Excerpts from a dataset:
====
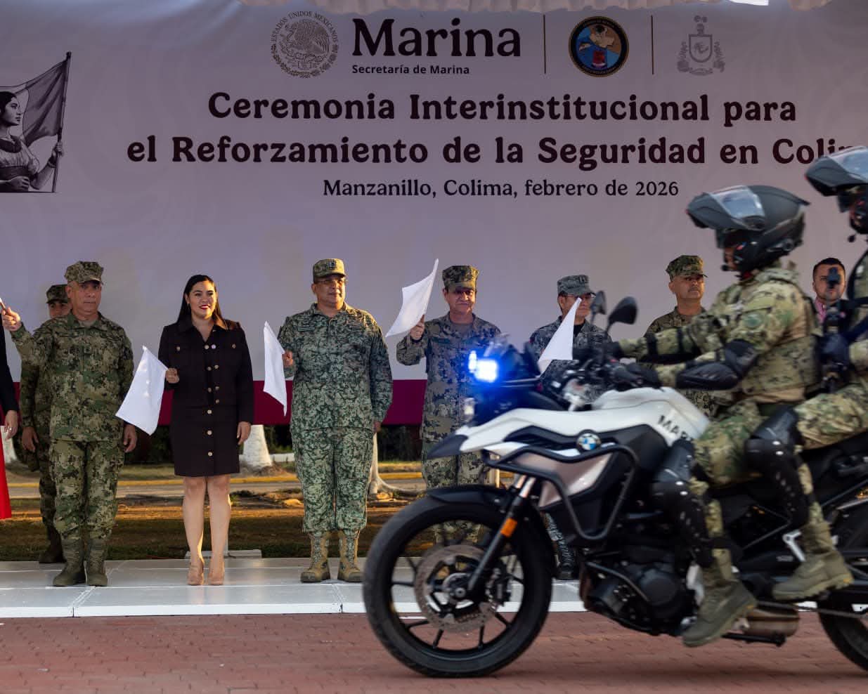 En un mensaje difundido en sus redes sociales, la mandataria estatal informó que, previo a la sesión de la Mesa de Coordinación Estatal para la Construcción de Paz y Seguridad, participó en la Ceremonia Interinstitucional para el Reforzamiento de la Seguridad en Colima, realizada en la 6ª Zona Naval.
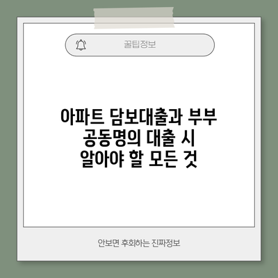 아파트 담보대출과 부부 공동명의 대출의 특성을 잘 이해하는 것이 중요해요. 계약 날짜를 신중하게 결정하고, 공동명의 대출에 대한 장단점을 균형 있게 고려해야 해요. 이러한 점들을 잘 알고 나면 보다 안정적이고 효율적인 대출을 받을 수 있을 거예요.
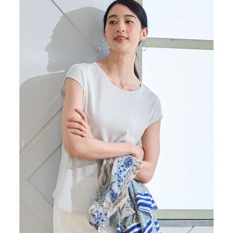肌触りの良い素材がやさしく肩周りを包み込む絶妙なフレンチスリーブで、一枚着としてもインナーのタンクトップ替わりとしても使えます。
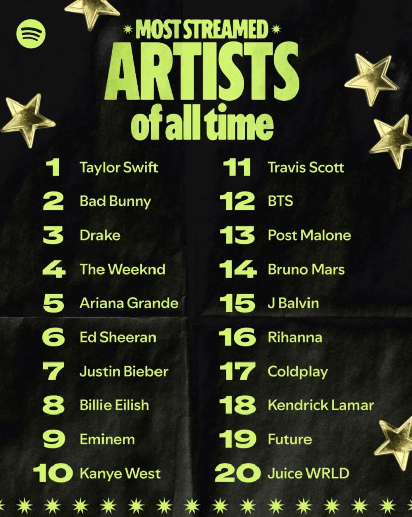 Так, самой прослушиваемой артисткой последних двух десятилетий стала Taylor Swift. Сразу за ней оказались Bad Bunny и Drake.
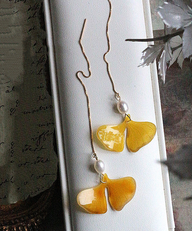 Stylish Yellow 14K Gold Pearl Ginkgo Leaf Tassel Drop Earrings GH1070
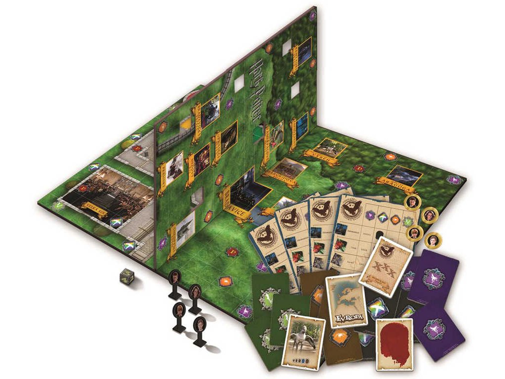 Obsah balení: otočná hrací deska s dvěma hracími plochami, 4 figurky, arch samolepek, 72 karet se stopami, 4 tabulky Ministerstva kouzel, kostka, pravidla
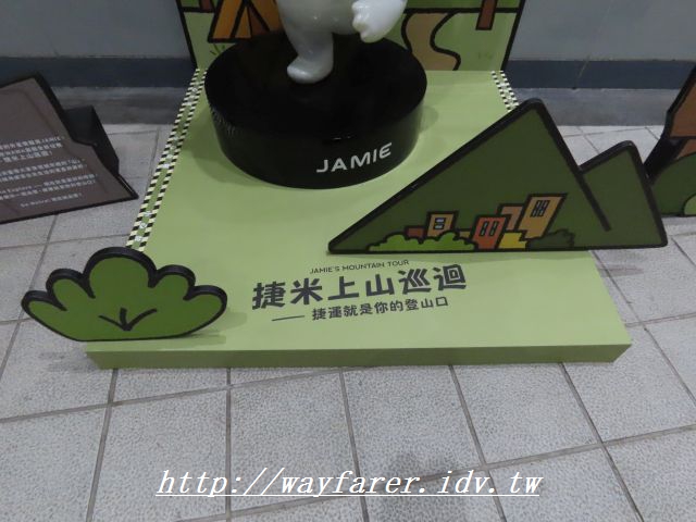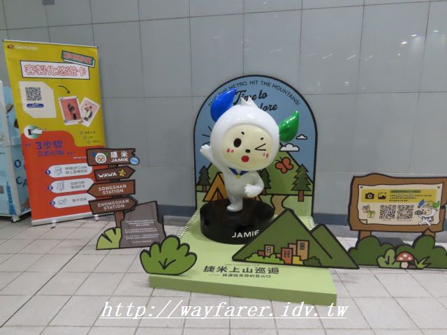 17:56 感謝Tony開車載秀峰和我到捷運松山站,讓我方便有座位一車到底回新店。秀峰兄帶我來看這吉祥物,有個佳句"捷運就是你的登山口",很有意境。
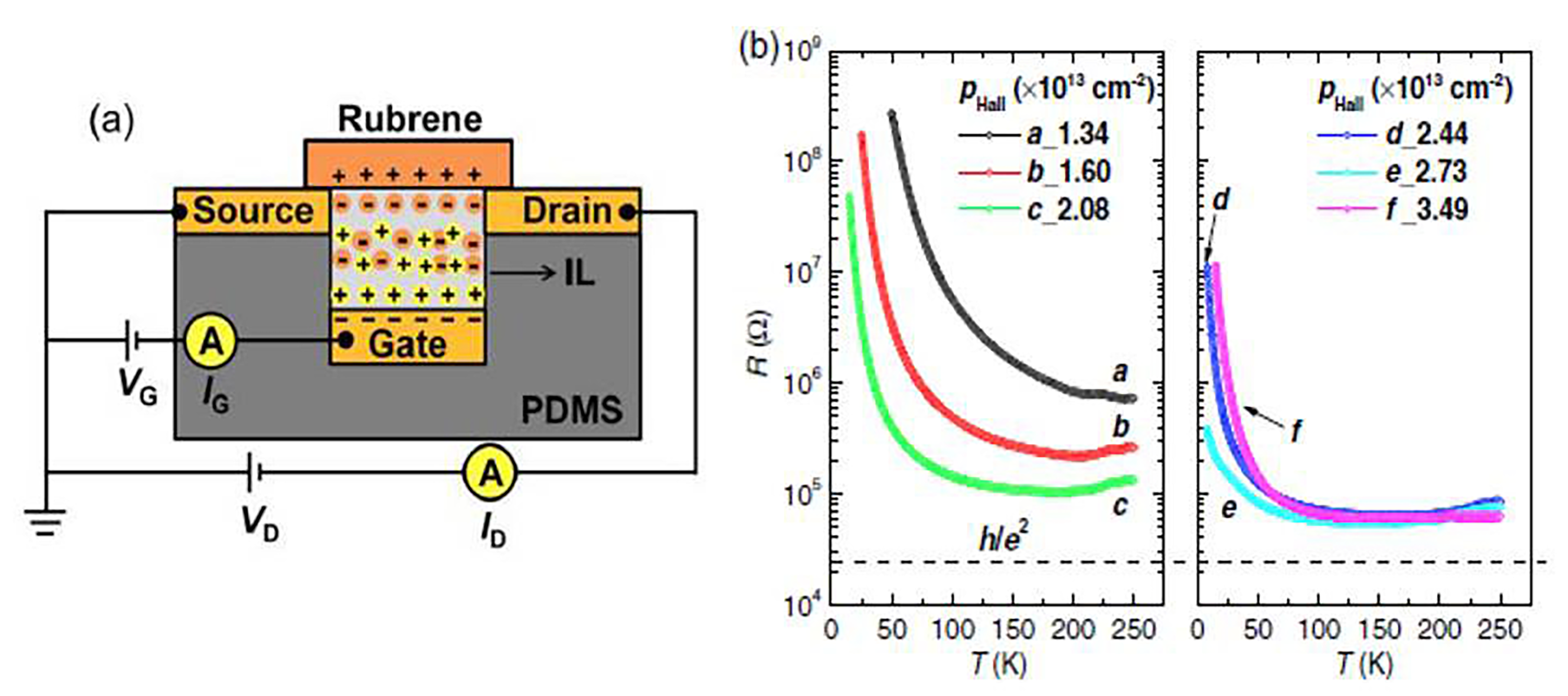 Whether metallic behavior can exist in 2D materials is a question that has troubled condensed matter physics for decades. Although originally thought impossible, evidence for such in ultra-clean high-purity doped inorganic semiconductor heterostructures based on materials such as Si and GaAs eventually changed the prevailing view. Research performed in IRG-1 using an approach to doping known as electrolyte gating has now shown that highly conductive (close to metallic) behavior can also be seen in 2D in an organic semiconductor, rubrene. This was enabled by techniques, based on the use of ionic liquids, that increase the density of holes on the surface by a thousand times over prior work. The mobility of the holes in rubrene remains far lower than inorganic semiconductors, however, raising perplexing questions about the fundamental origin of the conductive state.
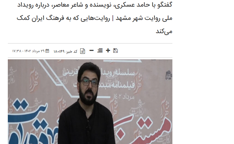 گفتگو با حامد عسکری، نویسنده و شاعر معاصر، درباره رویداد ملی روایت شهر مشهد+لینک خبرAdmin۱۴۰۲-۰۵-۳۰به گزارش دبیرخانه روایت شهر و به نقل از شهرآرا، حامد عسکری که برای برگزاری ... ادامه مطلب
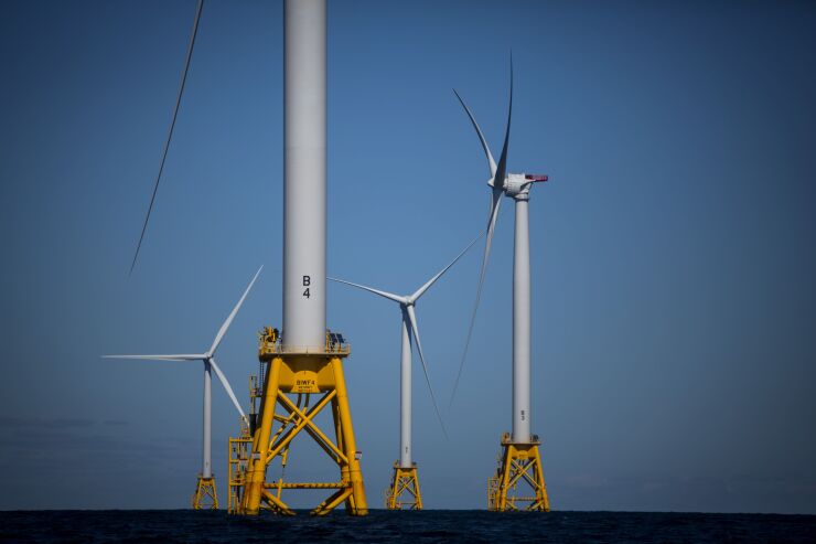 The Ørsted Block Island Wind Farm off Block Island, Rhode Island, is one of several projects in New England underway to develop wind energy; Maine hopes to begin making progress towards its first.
====
Your job is to copy each entry exactly as written; the pictures do not go in.

** TASK ANSWER **
 En un mensaje difundido en sus redes sociales, la mandataria estatal informó que, previo a la sesión de la Mesa de Coordinación Estatal para la Construcción de Paz y Seguridad, participó en la Ceremonia Interinstitucional para el Reforzamiento de la Seguridad en Colima, realizada en la 6ª Zona Naval.
 아파트 담보대출과 부부 공동명의 대출의 특성을 잘 이해하는 것이 중요해요. 계약 날짜를 신중하게 결정하고, 공동명의 대출에 대한 장단점을 균형 있게 고려해야 해요. 이러한 점들을 잘 알고 나면 보다 안정적이고 효율적인 대출을 받을 수 있을 거예요.
肌触りの良い素材がやさしく肩周りを包み込む絶妙なフレンチスリーブで、一枚着としてもインナーのタンクトップ替わりとしても使えます。
 Так, самой прослушиваемой артисткой последних двух десятилетий стала Taylor Swift. Сразу за ней оказались Bad Bunny и Drake.
 Stylish Yellow 14K Gold Pearl Ginkgo Leaf Tassel Drop Earrings GH1070
 Obsah balení: otočná hrací deska s dvěma hracími plochami, 4 figurky, arch samolepek, 72 karet se stopami, 4 tabulky Ministerstva kouzel, kostka, pravidla
 17:56 感謝Tony開車載秀峰和我到捷運松山站,讓我方便有座位一車到底回新店。秀峰兄帶我來看這吉祥物,有個佳句"捷運就是你的登山口",很有意境。
 Whether metallic behavior can exist in 2D materials is a question that has troubled condensed matter physics for decades. Although originally thought impossible, evidence for such in ultra-clean high-purity doped inorganic semiconductor heterostructures based on materials such as Si and GaAs eventually changed the prevailing view. Research performed in IRG-1 using an approach to doping known as electrolyte gating has now shown that highly conductive (close to metallic) behavior can also be seen in 2D in an organic semiconductor, rubrene. This was enabled by techniques, based on the use of ionic liquids, that increase the density of holes on the surface by a thousand times over prior work. The mobility of the holes in rubrene remains far lower than inorganic semiconductors, however, raising perplexing questions about the fundamental origin of the conductive state.
 گفتگو با حامد عسکری، نویسنده و شاعر معاصر، درباره رویداد ملی روایت شهر مشهد+لینک خبرAdmin۱۴۰۲-۰۵-۳۰به گزارش دبیرخانه روایت شهر و به نقل از شهرآرا، حامد عسکری که برای برگزاری ... ادامه مطلب
 The Ørsted Block Island Wind Farm off Block Island, Rhode Island, is one of several projects in New England underway to develop wind energy; Maine hopes to begin making progress towards its first.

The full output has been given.